Your assignment: Of the records that follow, copy only the lines from the line containing "- Diverse Proxy" to the line containing "Ποτηράκια με το", both included, exactly as written.

Supplied data:
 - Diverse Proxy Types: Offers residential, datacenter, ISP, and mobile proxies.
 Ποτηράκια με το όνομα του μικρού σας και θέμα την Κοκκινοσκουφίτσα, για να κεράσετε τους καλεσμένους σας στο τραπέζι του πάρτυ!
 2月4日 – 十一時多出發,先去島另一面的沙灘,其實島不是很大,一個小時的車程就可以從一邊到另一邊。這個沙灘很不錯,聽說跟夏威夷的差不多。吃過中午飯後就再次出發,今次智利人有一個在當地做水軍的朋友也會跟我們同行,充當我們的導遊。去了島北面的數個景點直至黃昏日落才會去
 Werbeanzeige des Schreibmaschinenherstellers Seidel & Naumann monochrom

...

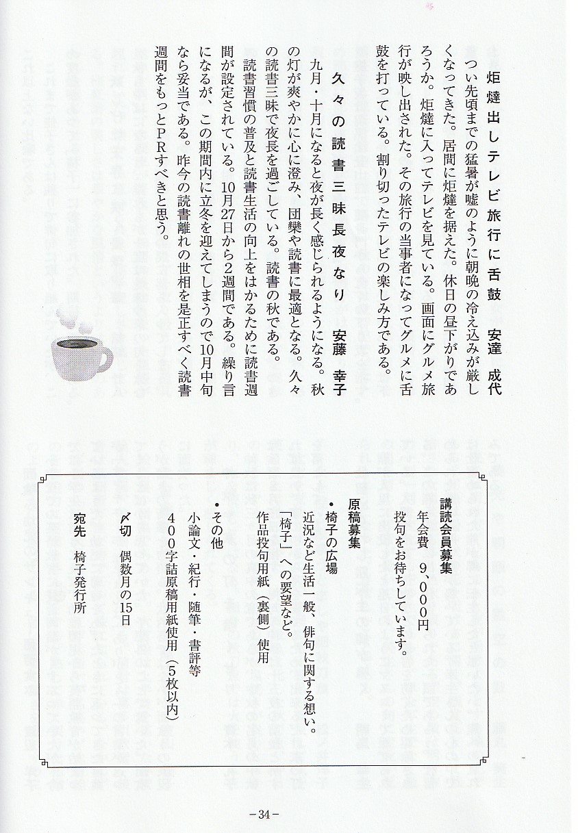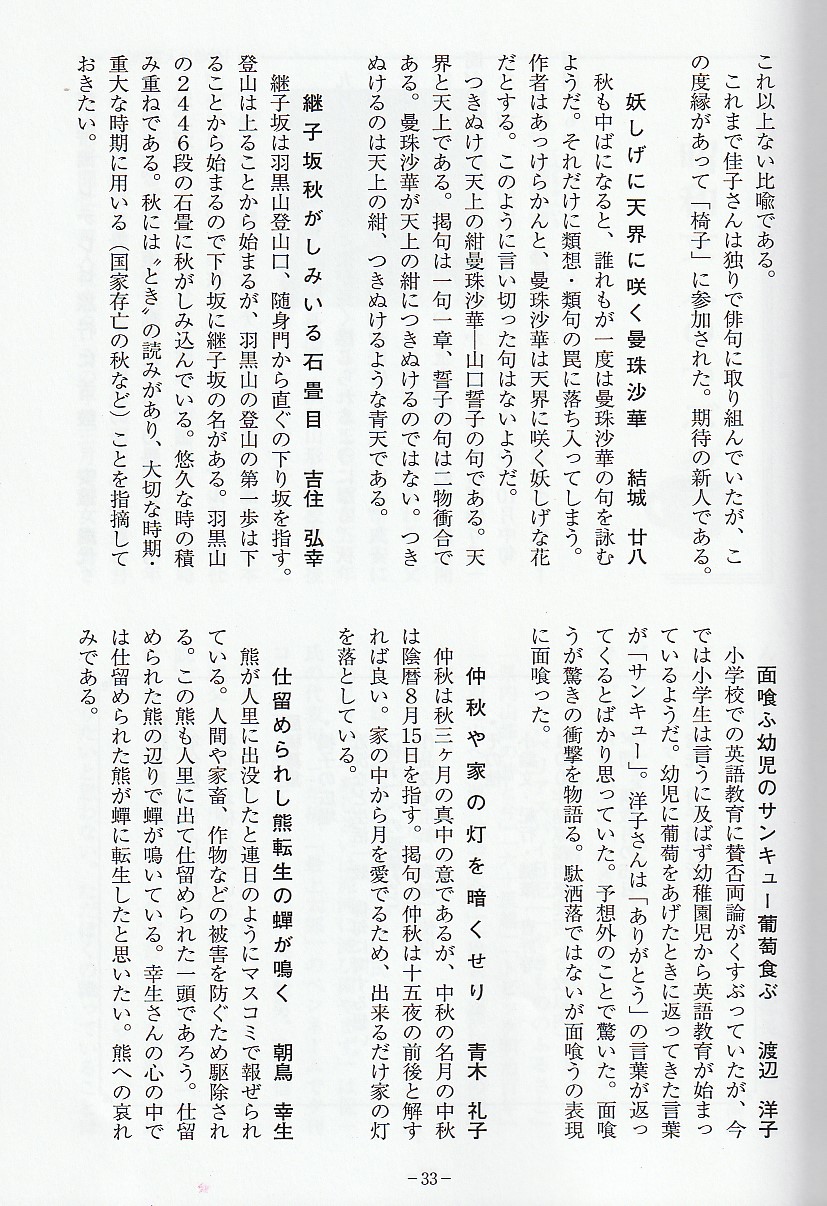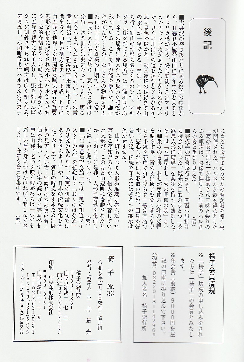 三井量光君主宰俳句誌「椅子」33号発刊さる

---

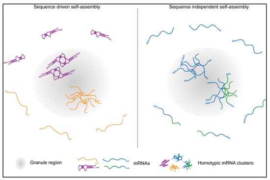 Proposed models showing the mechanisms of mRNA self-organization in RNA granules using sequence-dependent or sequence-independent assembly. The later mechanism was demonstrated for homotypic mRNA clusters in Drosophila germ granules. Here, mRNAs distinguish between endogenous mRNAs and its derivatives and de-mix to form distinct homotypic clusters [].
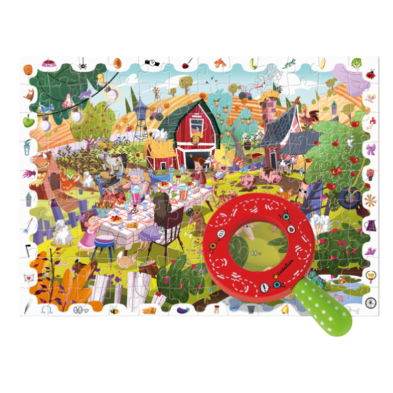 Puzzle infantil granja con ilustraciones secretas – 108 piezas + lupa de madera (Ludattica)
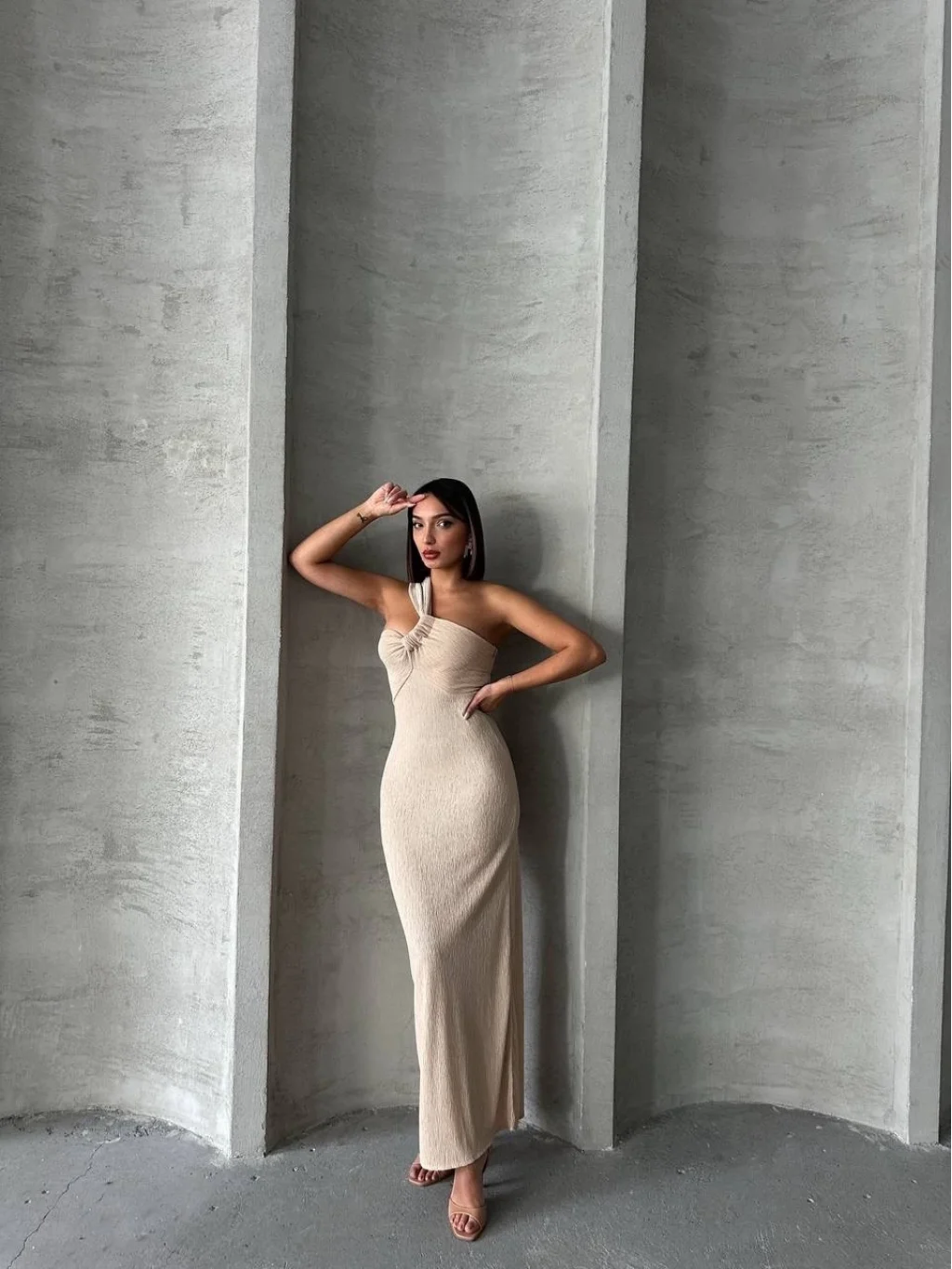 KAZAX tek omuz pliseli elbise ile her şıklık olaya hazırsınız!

Answer to the problem:
 - Diverse Proxy Types: Offers residential, datacenter, ISP, and mobile proxies.
 Ποτηράκια με το όνομα του μικρού σας και θέμα την Κοκκινοσκουφίτσα, για να κεράσετε τους καλεσμένους σας στο τραπέζι του πάρτυ!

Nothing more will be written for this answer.